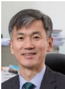
서울대학교 행정대학원 주임교수

최고위과정으로 102기를 맞이한다는 점은 그 자체로도 대단한 일이지만 동시에 과정을 운영하는 서울대학교 행정대학원에게도 막중한 책임을 부여하는 것이 사실입니다. 여러분들의 적극적인 참여 만큼 학교에서도 최선의 노력을 다하도록 하겠습니다. 감사합니다.
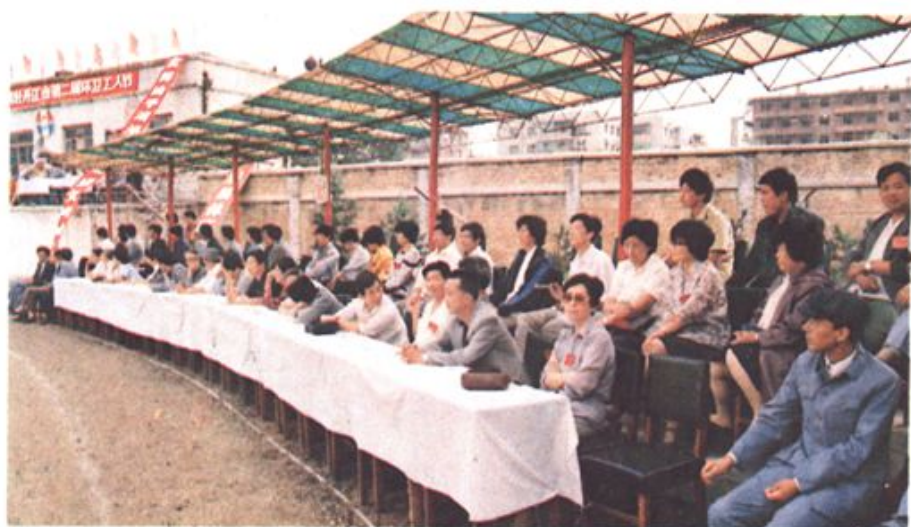
⇨ 出席 1988 年“全国部分省市环卫工作现场会”各地代表坐在观礼台上检阅牡市环卫大军。
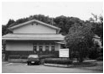
鹿島町立歴史民俗資料館
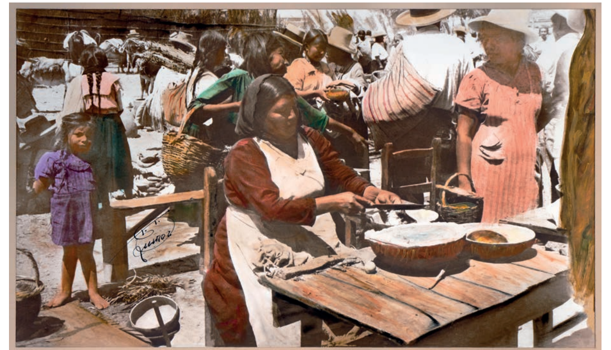
Preparando cebiche , 1950. Foto-óleo sobre papel, 39 x 24 cm. Col. CIPCA.
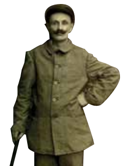
Anthelme Mangin.

Maison du livre, de l'image et du son vendredi 21 novembre
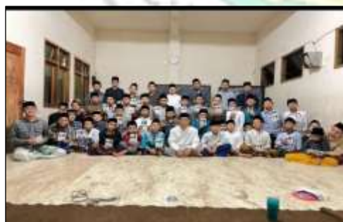
Bisba Santri Baru
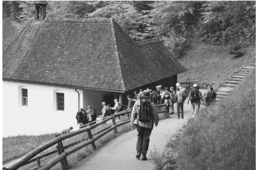
Die Wallfahrt zu Bruder Klaus lebt. Neben den langjährigen Verehrern und Verehrerinnen von Bruder Klaus und Dorothea kommen neue Gruppen und entdecken sie als anregende und hilfreiche Wegbegleiter.
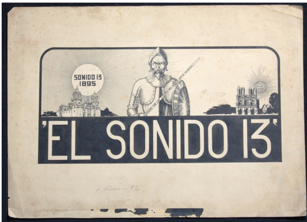
Figura 1. Ilustración original “El sonido 13”.

aportaciones a la historia de la música y de la ciencia. Estos cuestionamientos han provocado no sólo que el maestro Julián Carrillo forme parte de la cultura mexicana como una figura ilustre, el nombre de una calle o de un barrio, sino que la mayoría de los estudiantes y especialistas en el campo musical lo desconozcan o lo rechacen de forma rotunda.
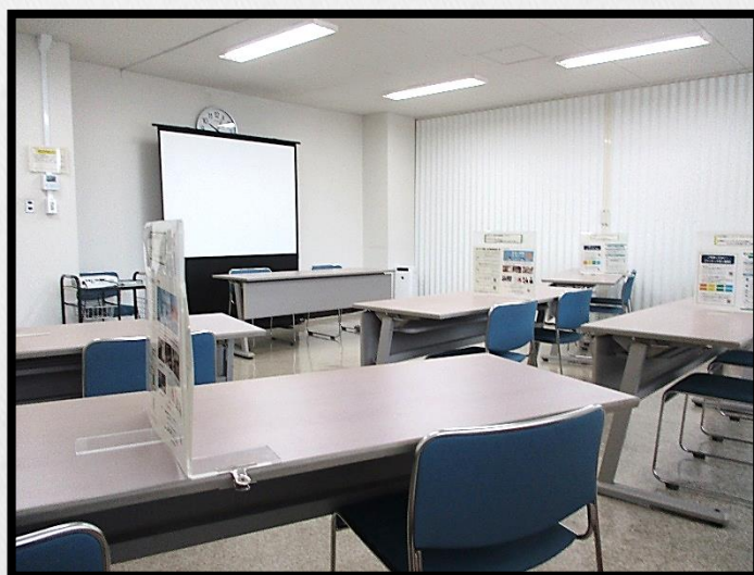
ジョブ・セッション開催イメージ
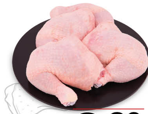
COSCIOTTO DI POLLO
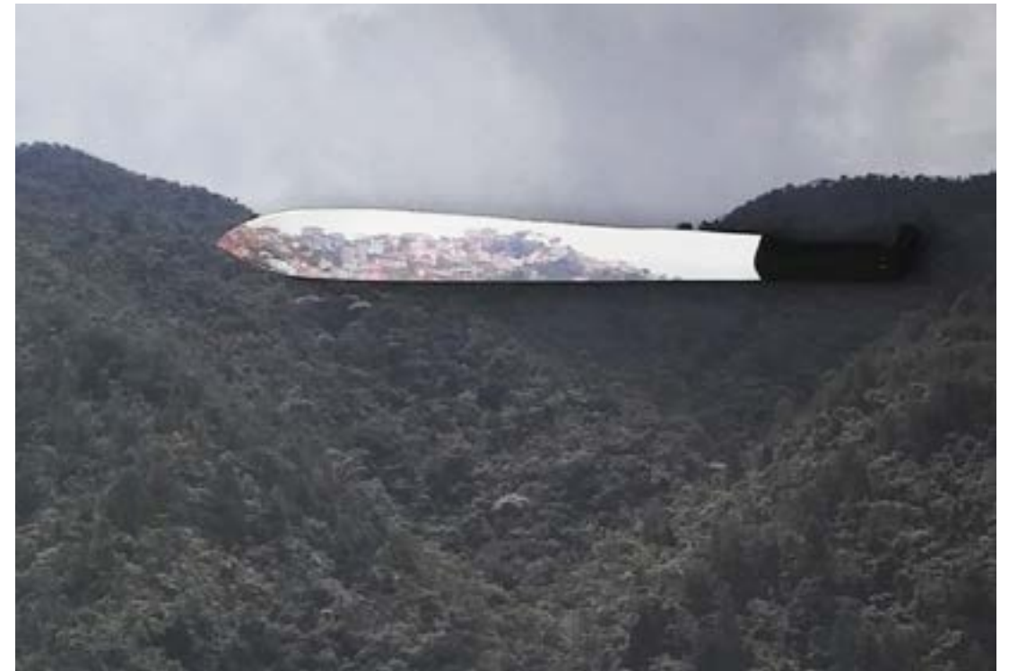
Al filo , 2018. Ensamble. Objeto con impresión sobre adhesivo, Fotografía color 60 cm x 90 cm sobre retablo de madera

La ciudad es como un sistema vivo que crece constantemente, imponiéndose sobre su entorno natural, montañas y bosques que la rodean. Invasiones y crecimiento ilegal son un problema evidente que deriva en futuros retos de integración y permanencia, tales como: la estabilización de los terrenos, las adecuadas conexiones a los principales servicios domésticos o conexión al transporte público. El Machete es una herramienta colonizadora que por medio de su filo logra abrir paso a través del bosque, con el que generalmente tiene una relación violenta, además, como el hacha el machete es una herramienta cotidiana de la cultura antioqueña, cultura históricamente colonizadora y aventurera que se extendió por un territorio geográficamente complejo con herramientas básicas. El nombre nace de los múltiples significados que puede tener la palabra filo, referenciando siempre el límite: podemos vivir al filo, vivir en el filo. Además el machete también es portador de un filo que expande los límites de la ciudad: lo que hoy es bosque, mañana será un nuevo barrio.
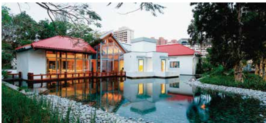
図3 Maggie's Cancer Caring Center の外観

故マギーが、『自分を取り戻せるための空間やサポートを』をコンセプトに、がん直面し、悩む患者やその家族、友人らのための空間を作り、がんの種類やステージ、治療方法に関係なく、いつでも利用し、専門的な支援が無料で受けられるセンターであった。また、心理的カウンセリングや栄養相談、運動指導が受けられ、生活面でのサポートも充実し
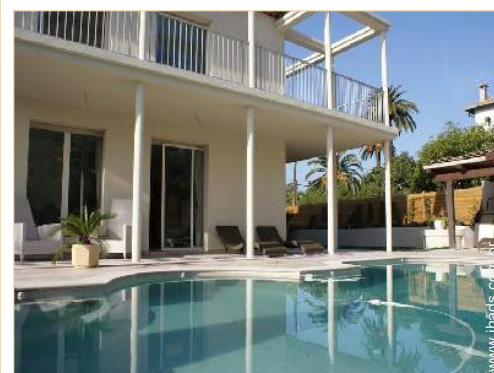
vista sobre piscina
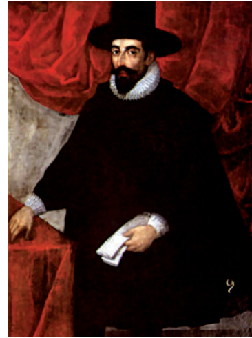
El virrey Toledo fue el responsable del fin de la resistencia de Vilcabamba.

Su cabeza fue exhibida en un lugar público para amedrentar a la población, sin embargo, tuvieron que retirarla pues en lugar de convertirse en una advertencia, se convirtió en un objeto de veneración a cual le rendían culto.
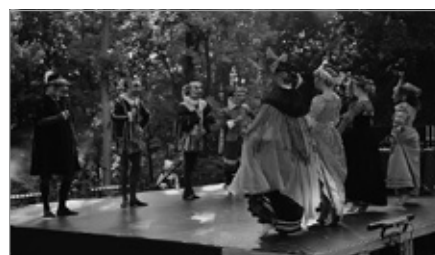
Występ Cracovia Danza
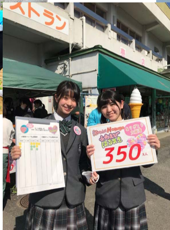
大阪湾の魚を使ったレシピ開発
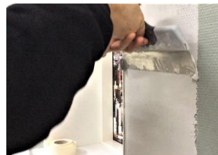
Påfør 1 mm spartelmasse
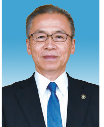
船橋市長 松戸 徹

昨年来、新型コロナウイルス感染症は、多方面にわたって甚大な影響を及ぼしており、現在の感染状況を見ても未だ予断を許さない状況です。
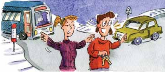
NE MONTE PAS DANS UNE VOITURE DONT LE CONDUCTEUR EST EN ÉTAT D'EUPHORIE.
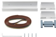
599006008900 LEDLima Connection-Kit
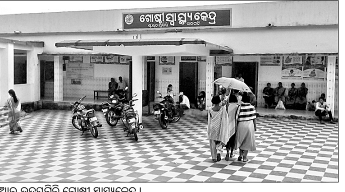
ଆର.ଉଦୟଗିରି ଗୋଷ୍ଠୀ ସ୍ୱାସ୍ଥ୍ୟକେନ୍ଦ୍ର ।

ଆର.ଉଦୟଗିରି, ୨୫ତା(ତି.ଏନ.ଏ.): ଗଜପତି ଜିଲ୍ଲାରେ ଆର.ଉଦୟଗିରି ଗୋଷ୍ଠୀ ସ୍ୱାସ୍ଥ୍ୟକେନ୍ଦ୍ର ଅବସ୍ଥିତ । ଏହି ସ୍ୱାସ୍ଥ୍ୟକେନ୍ଦ୍ର ଉପରେ ଉଚ୍ଚତମ ଆର.ଉଦୟଗିରି ଏବଂ ନୂଆଗଡ଼ ରୁଜ୍‌ହା ୧୦ରୁ ଉର୍ଦ୍ଧ୍ୱ ପଞ୍ଚାୟତର ୩୦ ହଜାରରୁ ଉର୍ଦ୍ଧ୍ୱ ଲୋକ ନିର୍ଭର କରନ୍ତି । ଲୋକେ ଠିକ୍ ଠିକ୍‌ଆ ହୁଏତ ପାଇଁ ନ ଥିବାକୁ ଅନୁଭବ କରୁଛନ୍ତି । ଉଚ୍ଚତମ ଆର.ଉଦୟଗିରି ଏବଂ ନୂଆଗଡ଼ ରୁଜ୍‌ହା ୧୦ରୁ ଉର୍ଦ୍ଧ୍ୱ ପଞ୍ଚାୟତର ୩୦ ହଜାରରୁ ଉର୍ଦ୍ଧ୍ୱ ଲୋକ ନିର୍ଭର କରନ୍ତି । ଲୋକେ ଠିକ୍ ଠିକ୍‌ଆ ହୁଏତ ପାଇଁ ନ ଥିବାକୁ ଅନୁଭବ କରୁଛନ୍ତି । ଉଚ୍ଚତମ ଆର.ଉଦୟଗିରି ଏବଂ ନୂଆଗଡ଼ ରୁଜ୍‌ହା ୧୦ରୁ ଉର୍ଦ୍ଧ୍ୱ ପଞ୍ଚାୟତର ୩୦ ହଜାରରୁ ଉର୍ଦ୍ଧ୍ୱ ଲୋକ ନିର୍ଭର କରନ୍ତି । ଲୋକେ ଠିକ୍ ଠିକ୍‌ଆ ହୁଏତ ପାଇଁ ନ ଥିବାକୁ ଅନୁଭବ କରୁଛନ୍ତି । ଉଚ୍ଚତମ ଆର.ଉଦୟଗିରି ଏବଂ ନୂଆଗଡ଼ ରୁଜ୍‌ହା ୧୦ରୁ ଉର୍ଦ୍ଧ୍ୱ ପଞ୍ଚାୟତର ୩୦ ହଜାରରୁ ଉର୍ଦ୍ଧ୍ୱ ଲୋକ ନିର୍ଭର କରନ୍ତି । ଲୋକେ ଠିକ୍ ଠିକ୍‌ଆ ହୁଏତ ପାଇଁ ନ ଥିବାକୁ ଅନୁଭବ କରୁଛନ୍ତି ।
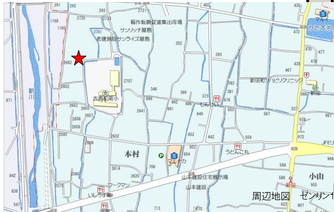
周辺地図 センター104(G-4、5)
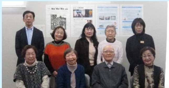
会議後に全員で記念撮影をしました。

令和8年2月24日に開催しました生活創造応援隊会議にて、長年に渡る生活創造活動への支援にご尽力いただいた生活創造応援隊員の皆様へ感謝状を贈呈しました。隊員の方々からいただいたメッセージを掲載します。

====

» Exercise goal
Where a picture appears, skip it; repeat everything else in the data exactly.

» Your response
서울대학교 행정대학원 주임교수

최고위과정으로 102기를 맞이한다는 점은 그 자체로도 대단한 일이지만 동시에 과정을 운영하는 서울대학교 행정대학원에게도 막중한 책임을 부여하는 것이 사실입니다. 여러분들의 적극적인 참여 만큼 학교에서도 최선의 노력을 다하도록 하겠습니다. 감사합니다.
⇨ 出席 1988 年“全国部分省市环卫工作现场会”各地代表坐在观礼台上检阅牡市环卫大军。
鹿島町立歴史民俗資料館
Preparando cebiche , 1950. Foto-óleo sobre papel, 39 x 24 cm. Col. CIPCA.
Anthelme Mangin.

Maison du livre, de l'image et du son vendredi 21 novembre
Bisba Santri Baru
Die Wallfahrt zu Bruder Klaus lebt. Neben den langjährigen Verehrern und Verehrerinnen von Bruder Klaus und Dorothea kommen neue Gruppen und entdecken sie als anregende und hilfreiche Wegbegleiter.
Figura 1. Ilustración original “El sonido 13”.

aportaciones a la historia de la música y de la ciencia. Estos cuestionamientos han provocado no sólo que el maestro Julián Carrillo forme parte de la cultura mexicana como una figura ilustre, el nombre de una calle o de un barrio, sino que la mayoría de los estudiantes y especialistas en el campo musical lo desconozcan o lo rechacen de forma rotunda.
ジョブ・セッション開催イメージ
COSCIOTTO DI POLLO
Al filo , 2018. Ensamble. Objeto con impresión sobre adhesivo, Fotografía color 60 cm x 90 cm sobre retablo de madera

La ciudad es como un sistema vivo que crece constantemente, imponiéndose sobre su entorno natural, montañas y bosques que la rodean. Invasiones y crecimiento ilegal son un problema evidente que deriva en futuros retos de integración y permanencia, tales como: la estabilización de los terrenos, las adecuadas conexiones a los principales servicios domésticos o conexión al transporte público. El Machete es una herramienta colonizadora que por medio de su filo logra abrir paso a través del bosque, con el que generalmente tiene una relación violenta, además, como el hacha el machete es una herramienta cotidiana de la cultura antioqueña, cultura históricamente colonizadora y aventurera que se extendió por un territorio geográficamente complejo con herramientas básicas. El nombre nace de los múltiples significados que puede tener la palabra filo, referenciando siempre el límite: podemos vivir al filo, vivir en el filo. Además el machete también es portador de un filo que expande los límites de la ciudad: lo que hoy es bosque, mañana será un nuevo barrio.
図3 Maggie's Cancer Caring Center の外観

故マギーが、『自分を取り戻せるための空間やサポートを』をコンセプトに、がん直面し、悩む患者やその家族、友人らのための空間を作り、がんの種類やステージ、治療方法に関係なく、いつでも利用し、専門的な支援が無料で受けられるセンターであった。また、心理的カウンセリングや栄養相談、運動指導が受けられ、生活面でのサポートも充実し
vista sobre piscina
El virrey Toledo fue el responsable del fin de la resistencia de Vilcabamba.

Su cabeza fue exhibida en un lugar público para amedrentar a la población, sin embargo, tuvieron que retirarla pues en lugar de convertirse en una advertencia, se convirtió en un objeto de veneración a cual le rendían culto.
Występ Cracovia Danza
大阪湾の魚を使ったレシピ開発
Påfør 1 mm spartelmasse
船橋市長 松戸 徹

昨年来、新型コロナウイルス感染症は、多方面にわたって甚大な影響を及ぼしており、現在の感染状況を見ても未だ予断を許さない状況です。
NE MONTE PAS DANS UNE VOITURE DONT LE CONDUCTEUR EST EN ÉTAT D'EUPHORIE.
599006008900 LEDLima Connection-Kit
ଆର.ଉଦୟଗିରି ଗୋଷ୍ଠୀ ସ୍ୱାସ୍ଥ୍ୟକେନ୍ଦ୍ର ।

ଆର.ଉଦୟଗିରି, ୨୫ତା(ତି.ଏନ.ଏ.): ଗଜପତି ଜିଲ୍ଲାରେ ଆର.ଉଦୟଗିରି ଗୋଷ୍ଠୀ ସ୍ୱାସ୍ଥ୍ୟକେନ୍ଦ୍ର ଅବସ୍ଥିତ । ଏହି ସ୍ୱାସ୍ଥ୍ୟକେନ୍ଦ୍ର ଉପରେ ଉଚ୍ଚତମ ଆର.ଉଦୟଗିରି ଏବଂ ନୂଆଗଡ଼ ରୁଜ୍‌ହା ୧୦ରୁ ଉର୍ଦ୍ଧ୍ୱ ପଞ୍ଚାୟତର ୩୦ ହଜାରରୁ ଉର୍ଦ୍ଧ୍ୱ ଲୋକ ନିର୍ଭର କରନ୍ତି । ଲୋକେ ଠିକ୍ ଠିକ୍‌ଆ ହୁଏତ ପାଇଁ ନ ଥିବାକୁ ଅନୁଭବ କରୁଛନ୍ତି । ଉଚ୍ଚତମ ଆର.ଉଦୟଗିରି ଏବଂ ନୂଆଗଡ଼ ରୁଜ୍‌ହା ୧୦ରୁ ଉର୍ଦ୍ଧ୍ୱ ପଞ୍ଚାୟତର ୩୦ ହଜାରରୁ ଉର୍ଦ୍ଧ୍ୱ ଲୋକ ନିର୍ଭର କରନ୍ତି । ଲୋକେ ଠିକ୍ ଠିକ୍‌ଆ ହୁଏତ ପାଇଁ ନ ଥିବାକୁ ଅନୁଭବ କରୁଛନ୍ତି । ଉଚ୍ଚତମ ଆର.ଉଦୟଗିରି ଏବଂ ନୂଆଗଡ଼ ରୁଜ୍‌ହା ୧୦ରୁ ଉର୍ଦ୍ଧ୍ୱ ପଞ୍ଚାୟତର ୩୦ ହଜାରରୁ ଉର୍ଦ୍ଧ୍ୱ ଲୋକ ନିର୍ଭର କରନ୍ତି । ଲୋକେ ଠିକ୍ ଠିକ୍‌ଆ ହୁଏତ ପାଇଁ ନ ଥିବାକୁ ଅନୁଭବ କରୁଛନ୍ତି । ଉଚ୍ଚତମ ଆର.ଉଦୟଗିରି ଏବଂ ନୂଆଗଡ଼ ରୁଜ୍‌ହା ୧୦ରୁ ଉର୍ଦ୍ଧ୍ୱ ପଞ୍ଚାୟତର ୩୦ ହଜାରରୁ ଉର୍ଦ୍ଧ୍ୱ ଲୋକ ନିର୍ଭର କରନ୍ତି । ଲୋକେ ଠିକ୍ ଠିକ୍‌ଆ ହୁଏତ ପାଇଁ ନ ଥିବାକୁ ଅନୁଭବ କରୁଛନ୍ତି ।
周辺地図 センター104(G-4、5)
会議後に全員で記念撮影をしました。

令和8年2月24日に開催しました生活創造応援隊会議にて、長年に渡る生活創造活動への支援にご尽力いただいた生活創造応援隊員の皆様へ感謝状を贈呈しました。隊員の方々からいただいたメッセージを掲載します。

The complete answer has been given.